Epidémiologie de la mortalité maternelle en France, de 1996 à 2002 : fréquence, facteurs et causes. Numéro thématique. La mortalité maternelle en France : bilan et perspectives

Publié le 12 December 2006
Mis à jour le 5 juillet 2019

Introduction. La mortalité maternelle est un indicateur de la qualité des soins obstétricaux. La France a mis en place en 1996 un système de surveillance comportant le suivi des taux et des causes et une enquête confidentielle conduisant à leur expertise. Méthodes.
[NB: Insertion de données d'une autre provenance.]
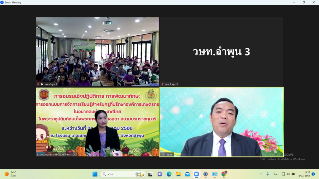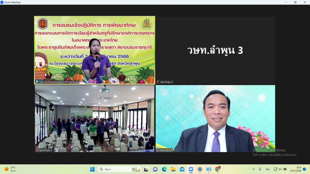 ระหว่างวันที่วันที่ 24-26 มีนาคม 2566 วิทยาลัยเกษตรเเละเทคโนโลยีลำพูน ได้รับมอบหมายให้เป็นเจ้าภาพ ในการจัดการอบรมเชิงปฏิบัติการ การพัฒนาทักษะการออกเเบบการจัดการเรียนรู้สำหรับครูที่ปรึกษาองค์การเกษตรกรในอนาคตแห่งประเทศไทย ในพระราชูปถัมภ์สมเด็จพระเทพรัตนราชสุดาฯ สยามบรมราชกุมารี โดยได้รับเกียรติจากท่านดร.นิติ นาชิต ที่ปรึกษาด้านมาตรฐานอาชีวศึกษาธุรกิจเเละบริการ เป็นประธานในพิธีเปิด ในรูปเเบบออนไลน์ ณ โรงเเรมเดอะเเกรนด์ จามจุรี รีสอร์ท จังหวัดลำพูน สามารถดูภาพได้จาก link : https://photos.app.goo.gl/Kz8qWo6httqBe3ow9

Les définitions utilisées sont celles de l'OMS. Une première analyse porte sur les données observées à partir des statistiques de l'état civil, en particulier les taux (rapport des décès obstétricaux aux naissances vivantes) ; la seconde analyse repose sur l'Enquête confidentielle des décès maternels et leur expertise par le Comité national d'experts (pourcentage d'évitabilité). Résultats. Le taux est estimé entre 9 à 13 décès pour 100 000 naissances vivantes. Après une diminution enregistrée entre 1996 et 2000, l'évolution plus récente est moins favorable. Le taux augmente avec l'âge (risque 8 fois plus élevé à 40 ans qu'à 20-24 ans) et selon la nationalité (taux deux fois plus élevé parmi les femmes non européennes). La France se situe dans une position moyenne parmi les pays comparables et pourrait mieux faire, à l'image de la Finlande (6 pour 100 000). Quatre-vingt-quatre pour cent des décès ont lieu dans un hôpital public, 10 % dans une clinique privée et 6 % à domicile. La première cause est due aux hémorragies (21 % des décès maternels) principalement du postpartum, suivies des complications de l'hypertension artérielle (HTA) (12 %), puis des embolies amniotiques (7 %). Plus de la moitié des décès maternels de causes obstétricales directes sont considérés évitables (73 % des hémorragies, 71 % des infections mais seulement 43 % des HTA). Conclusion. De nombreuses améliorations sont encore possibles, d'une part pour connaître les raisons conduisant à ce drame et y remédier, d'autre part, pour optimiser les soins puisque des pays européens comparables au nôtre continuent de faire mieux. (R.A.)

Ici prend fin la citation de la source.